These days we strive for simplicity, we look for the easiest, simplest, and at first glance, cheapest, tools to make our organisations run better with less risk.
Let’s take data classification as an example. A 1,000ft view and it looks simple right? Data that we create is either confidential or not. Nothing complex about that.
This all looks great, until we start getting closer to the problem. The main (but not the only) reason that organisations look at classifying the data they create and handle is to ensure that sensitive information can be controlled. A big part of designing a classification policy is understanding what data is sensitive, and what is not. Who should have access to this information, and whether you should even be holding that information.
As soon as we start asking these questions, the challenge looks increasingly less simple.
We soon realise that we need both internal and external classification schemes. We find that the classification scheme that we use in HR looks quite different to the one we need in sales. We see that the classification policy we use in marketing does not fit the product development team’s needs.

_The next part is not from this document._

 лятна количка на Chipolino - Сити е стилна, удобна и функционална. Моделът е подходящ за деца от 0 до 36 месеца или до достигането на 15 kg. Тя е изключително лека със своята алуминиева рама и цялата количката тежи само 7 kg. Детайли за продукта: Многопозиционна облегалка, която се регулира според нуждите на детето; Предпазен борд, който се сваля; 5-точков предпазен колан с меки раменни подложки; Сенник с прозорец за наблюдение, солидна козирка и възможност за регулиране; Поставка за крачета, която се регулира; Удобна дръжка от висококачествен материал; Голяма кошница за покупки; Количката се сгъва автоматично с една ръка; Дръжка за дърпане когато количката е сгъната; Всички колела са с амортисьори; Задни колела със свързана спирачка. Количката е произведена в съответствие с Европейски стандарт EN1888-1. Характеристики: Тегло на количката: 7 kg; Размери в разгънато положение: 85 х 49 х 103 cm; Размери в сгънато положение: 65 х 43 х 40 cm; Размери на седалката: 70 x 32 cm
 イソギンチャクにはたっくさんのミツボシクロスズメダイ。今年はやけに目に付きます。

Organisations are not islands. We have myriads of relationships with external suppliers, partners and vendors. When we design a classification policy we also need to take into account the way we communicate with organisations outside of our own. Just as organisations thrive from inter-dependent relationships, so should our data security tools. Classification has the ability to make so many other tools much more effective, whether that is DLP, Discovery, IRM and many other applications that we consider important in the fight to keep data secure. Just as there is no one size fits all, there is also no one-stop-shop, no single solution or magic bullet. Instead, what is important is how the best-of-breed tools can work together to create a seamless and highly effective solution.

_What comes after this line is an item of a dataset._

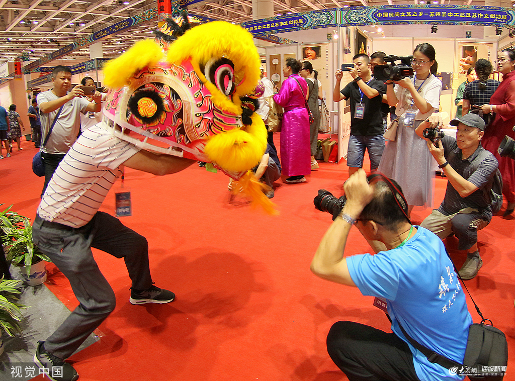 2019年8月23日,山東煙臺(tái),在2019中國(guó)民間工藝品博覽會(huì)上,民間藝術(shù)家李榮仔在展示遂溪醒獅。

Finally – we also need to work around a framework of legislation that is getting increasingly more complex, and the failure to adhere to this legislation is becoming more costly.
So, there is the challenge. To successfully negotiate that complexity with a classification policy that works for all, means that the tools we choose to use need to be incredibly flexible and configurable. But they still need to be easy to use. A good classification tool should not be complex to work with, it should in fact, hide the complexity. It should fit seamlessly into how end users work on a day-to-day basis.
The bottom line is that the complexity will not go away, and if you have to design your classification policy around the limitations of the classification tool, then frankly, you are using the wrong application.
You might just about get away with one size fits all when you buy a t-shirt, but a classification tool? Forget it!